### Exercise:
Some of the lines below need repeating. Reproduce exactly those between the lines holding "Free People Cream and Gold Espadrilles" and "وليس من بين", inclusive.

### Dataset content:
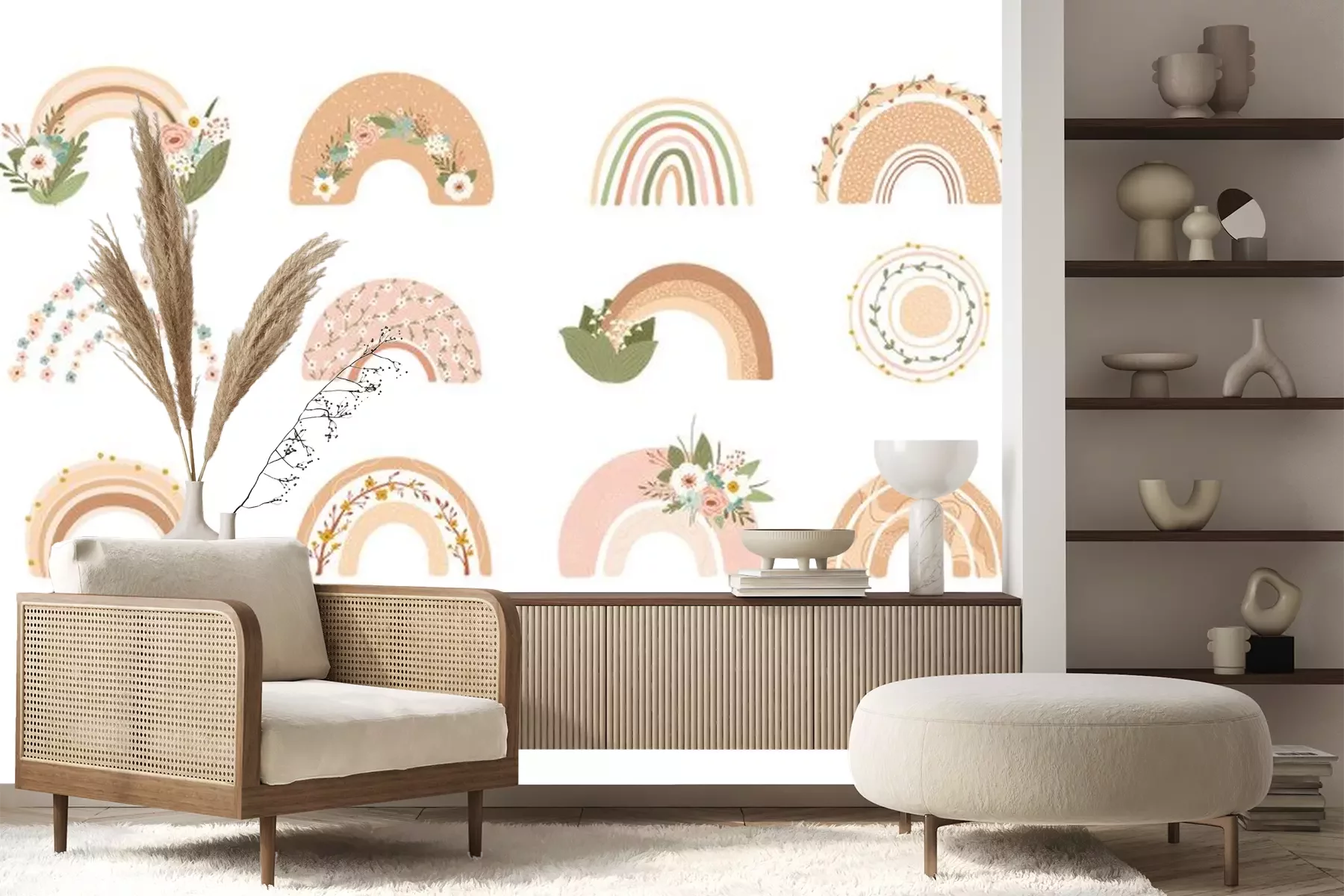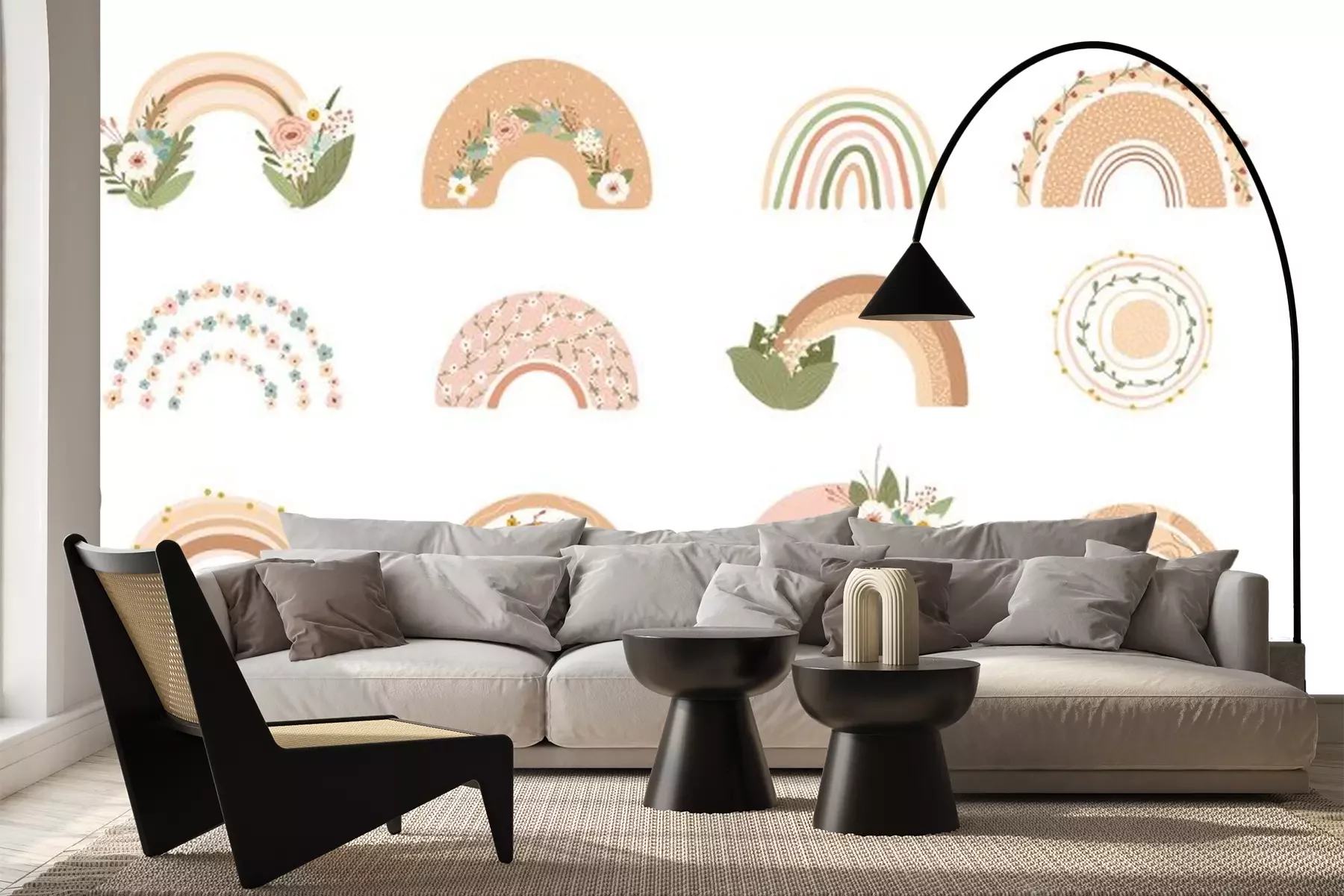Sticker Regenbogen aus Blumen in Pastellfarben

==

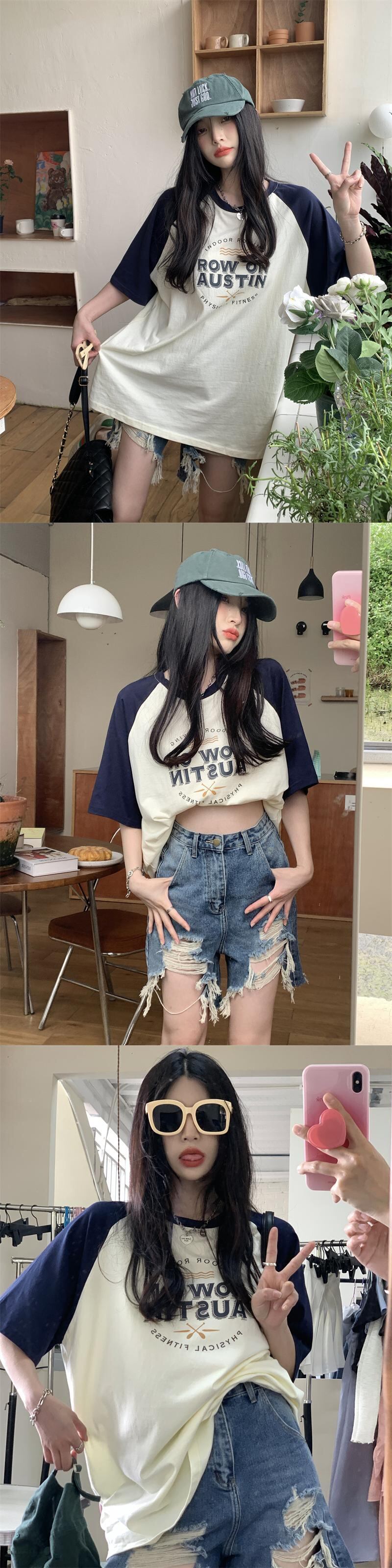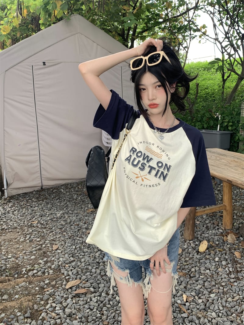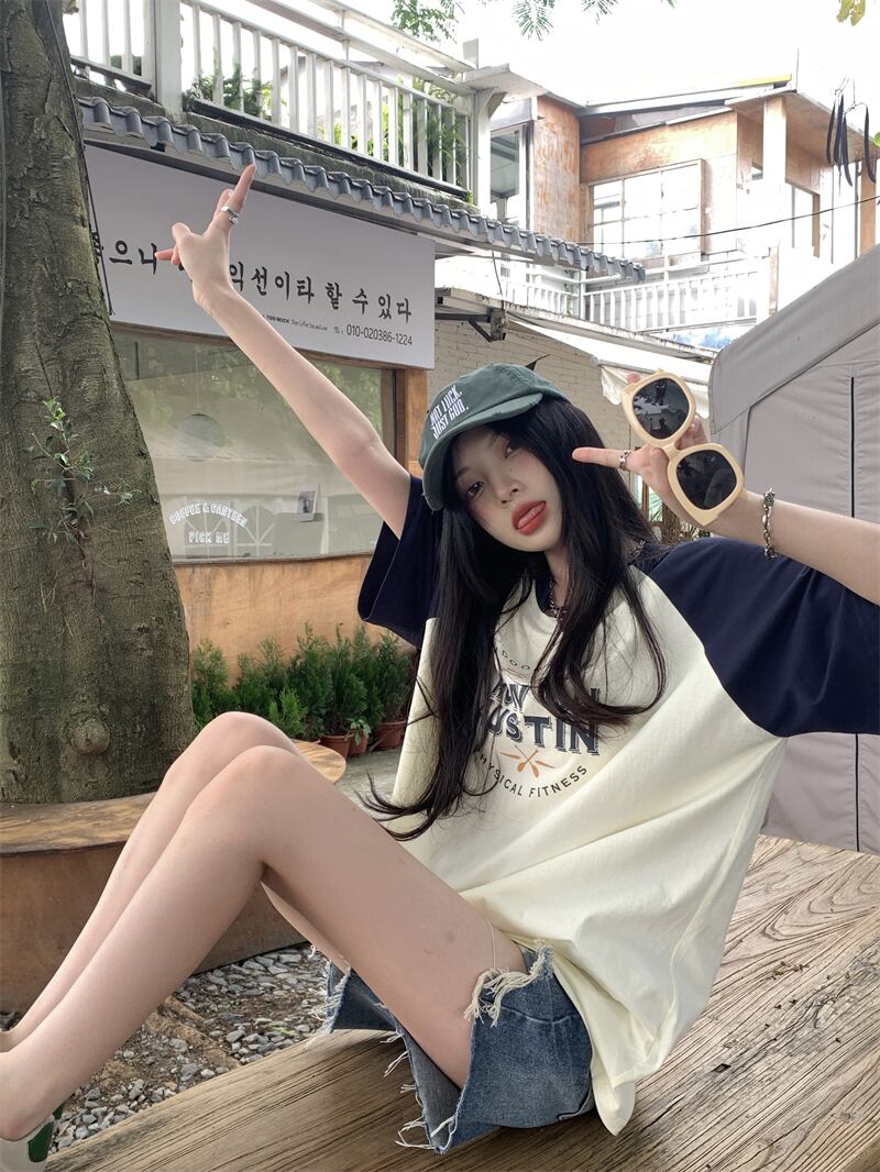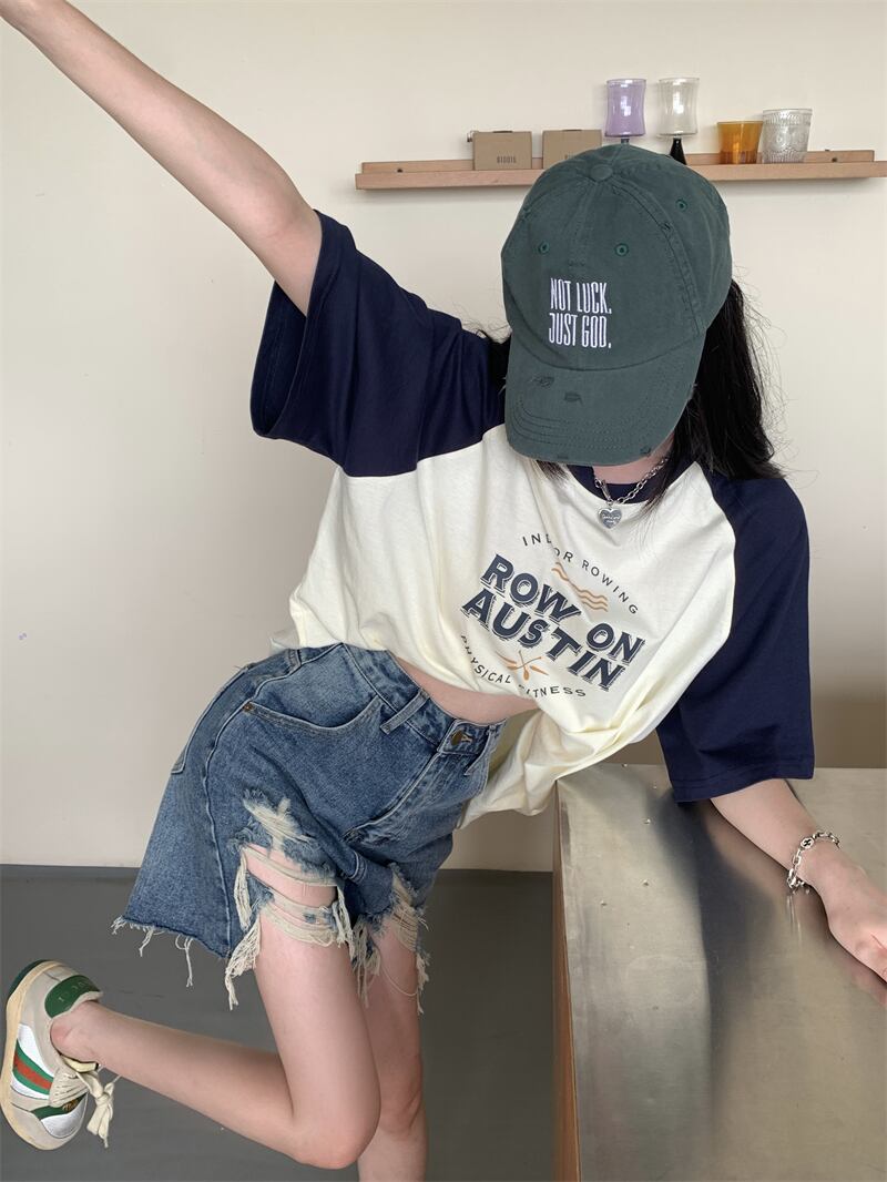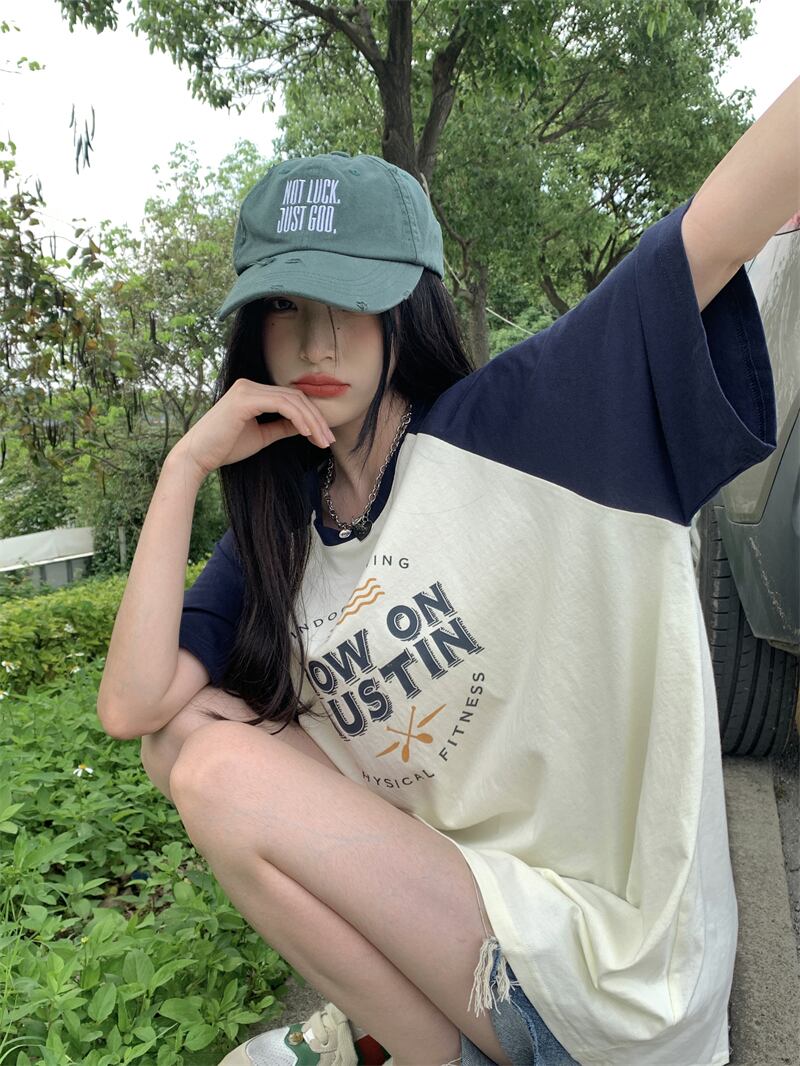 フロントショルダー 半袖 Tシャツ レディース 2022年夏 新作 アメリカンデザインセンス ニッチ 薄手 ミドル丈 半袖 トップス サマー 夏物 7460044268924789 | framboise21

...

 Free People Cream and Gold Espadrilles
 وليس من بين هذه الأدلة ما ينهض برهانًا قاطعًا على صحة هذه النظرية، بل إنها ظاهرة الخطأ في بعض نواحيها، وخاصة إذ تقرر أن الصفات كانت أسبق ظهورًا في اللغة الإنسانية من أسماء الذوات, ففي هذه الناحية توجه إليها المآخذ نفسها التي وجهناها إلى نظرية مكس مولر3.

### Answer to this task:
 Free People Cream and Gold Espadrilles
 وليس من بين هذه الأدلة ما ينهض برهانًا قاطعًا على صحة هذه النظرية، بل إنها ظاهرة الخطأ في بعض نواحيها، وخاصة إذ تقرر أن الصفات كانت أسبق ظهورًا في اللغة الإنسانية من أسماء الذوات, ففي هذه الناحية توجه إليها المآخذ نفسها التي وجهناها إلى نظرية مكس مولر3.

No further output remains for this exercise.